We ran Cle Elum 50K yesterday. We got up at 4:30 AM to make it on time for the 8:00 AM start. I was recovering from a respiratory allergy episode and was not sure of whether I would be able to run. I decided to start, and 'play it by ear.'
Just before 8:00 AM, the sun came out from behind the clouds, the air felt clean and fresh, and we all gathered up at the race start. Trail race starting lines are not like road race starting lines. Most of the time, there are fewer runners, it is quieter, there are no balloons, few spectators, and no loud music blasting off powerful speakers.
The first mile is on a paved road, and then there is a left turn that leads to an uphill trail. The next 18 miles are pretty much all uphill, with a few short downhills.
Cle Elum has very dusty narrow trails that are often used by motor cross motorcycles. This makes them very hard on the ankles. It is a good idea to try to run on the side of the trail whenever possible.
The first 12 miles up to the first full aid station went well for me. I was breathing easy, and my legs felt strong. Our friend Laura Houston was volunteering at the 12th mile aid station. She told me that Eric had ran by the station about 30 minutes ago. I filled up my bladder with sports drink, since it was getting warm and the next full aid station was 9 miles away.
I knew there were 6 miles left for the uphill part of the race, so I just tried to focus on this distance; I would think about the next part of the race when I got there. Long distance running can only be approached like that, one section at a time, otherwise, you just get overwhelmed with the distance. The temperature kept rising, and later I found out that it was about 75 degrees, which is warmer that what I am used to.
The scenery was amazing. It was really clear, so you could see the mountains far away. By this time, the runners are pretty spread out, and I was running by myself most of the time. Some parts get very steep, and you can't really run them. I just hiked them with short quick steps.
When you reach the peak, the scenery is just beyond words. As I marveled at the view, I felt somewhat reluctant to keep going. I knew the the next section of the race was the most challenging for me. Downhill running is not my strength. I decided to concentrate on running two more miles to the 2nd full aid station. On the way there, we crossed a creek that you just have to deep into, there is no way around it. The cold water felt great on my tired feet. Alison Hanks and James Varner were volunteering at this station. My bladder was completely empty, so I filled it up again.

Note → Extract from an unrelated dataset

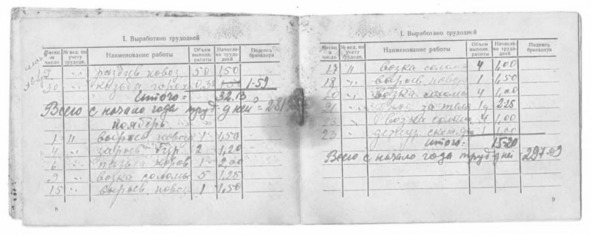 Я дояркой вырабатывала по 300 трудодней, этого мне хватало. А те, которы на поле спинушку гнули от зари до зари, ишшо35 меньше получали трудодней—то. По сто может. Только-только по норме отчитывались. Да, не дай Бог, если меньше выполнишь, из коухоза исключат, усадьбу отымут и сенокос, а то и засудят. На трудодни давали хлеб да дрова. Да и те неколкие, комли36одне. Но только всего один год на трудодни нам дали вдосталь хлеба. А потом вообще ничево не давали. Задаром работали. Все, што выростили сдавали государству. Да зимами ишшо и лес заготовляли. Для кого эти заготовки мы делали, ня знаю. Сказали делать, мы и делали. Тогда лишнего люди не спрашивали. Опасно было вопросы—то задавать.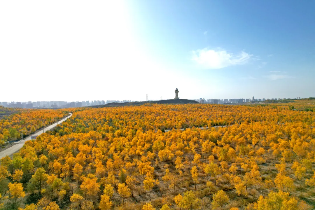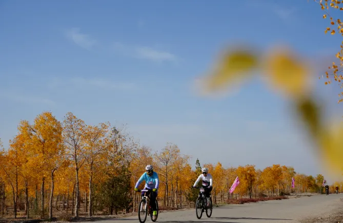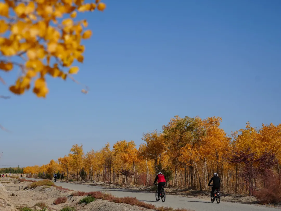 如果你喜欢骑车,龙山公园绝对能满足你的骑行需求,新修建的自行车道让你在运动健身的同时欣赏秋日胡杨美景,来一场身体与精神的双重享受。

There were 11 miles left, and I still felt good, although my recovering lungs and throat were getting irritated with all the dust from the trail.
I ran good for the next 4 miles. I was really trying to lean into the down hill, and using my core for stability. When I reached a 25 mile marker, I had been running for 5 hours. I calculated that I could run the last 7 miles in about one hour and 10 minutes (thinking back, this was pretty ambitious, 10 minute-miles on the trails is actually a fast pace after running 25 miles -for me).
After running about 20 minutes more, the mental struggle started. I practiced some tricks I have learned from my Yoga class. I tried to decouple my mind from my body. Even if my body was hurting, I was trying to somehow relax my mind. I softened my gaze, like we often do in Yoga, and I payed attention to the sound of the breeze, the creek, and the leaves. I tried to control my breathing by making it deeper. It worked. Once more, I was enjoying the run.
But then I got to the switch-backs. The last 4 miles have a repeating pattern of going uphill towards the right, and then downhill towards the left. There are 14 of these, and if you are not familiar with the course, you feel like you are having a deja vu over and over again.
I ran into Barb Blumenthal, she and I used to train years ago for marathons. I thought we had about 1 mile left. She told me we had 3. This messed up with my mind, and from that point on, it was a real struggle. It turned out we had 4 miles left. I am not sure why I thought we only had one mile to go, I guess I decoupled my mind too much :-)
At some point, you reach an intersection, you turn to the right, and there is a steep, wide, and rocky downhill road. You know you are almost there. You can hear people cheering. You cross a paved road, and you can see the finish.
Eric was waiting at the finish line. He had been waiting one hour for me. We both had a hard race. I walked around a little, got into dry clothes, and got in line to get some much needed food.
One of my favorite parts of a race is to hang out at the finish, talk to other tired and dusty trail runners, and eat cookies. Although I finished 20 minutes later than what I had expected, it turns out I was the 3rd woman to finish. This made me feel good, but to be honest, I was surprised and happy that I finished.
While driving back, my throat started closing up, and I knew I would suffer the consequences of punishing my body a little more than what it deserved. Oh, but it was so worth it.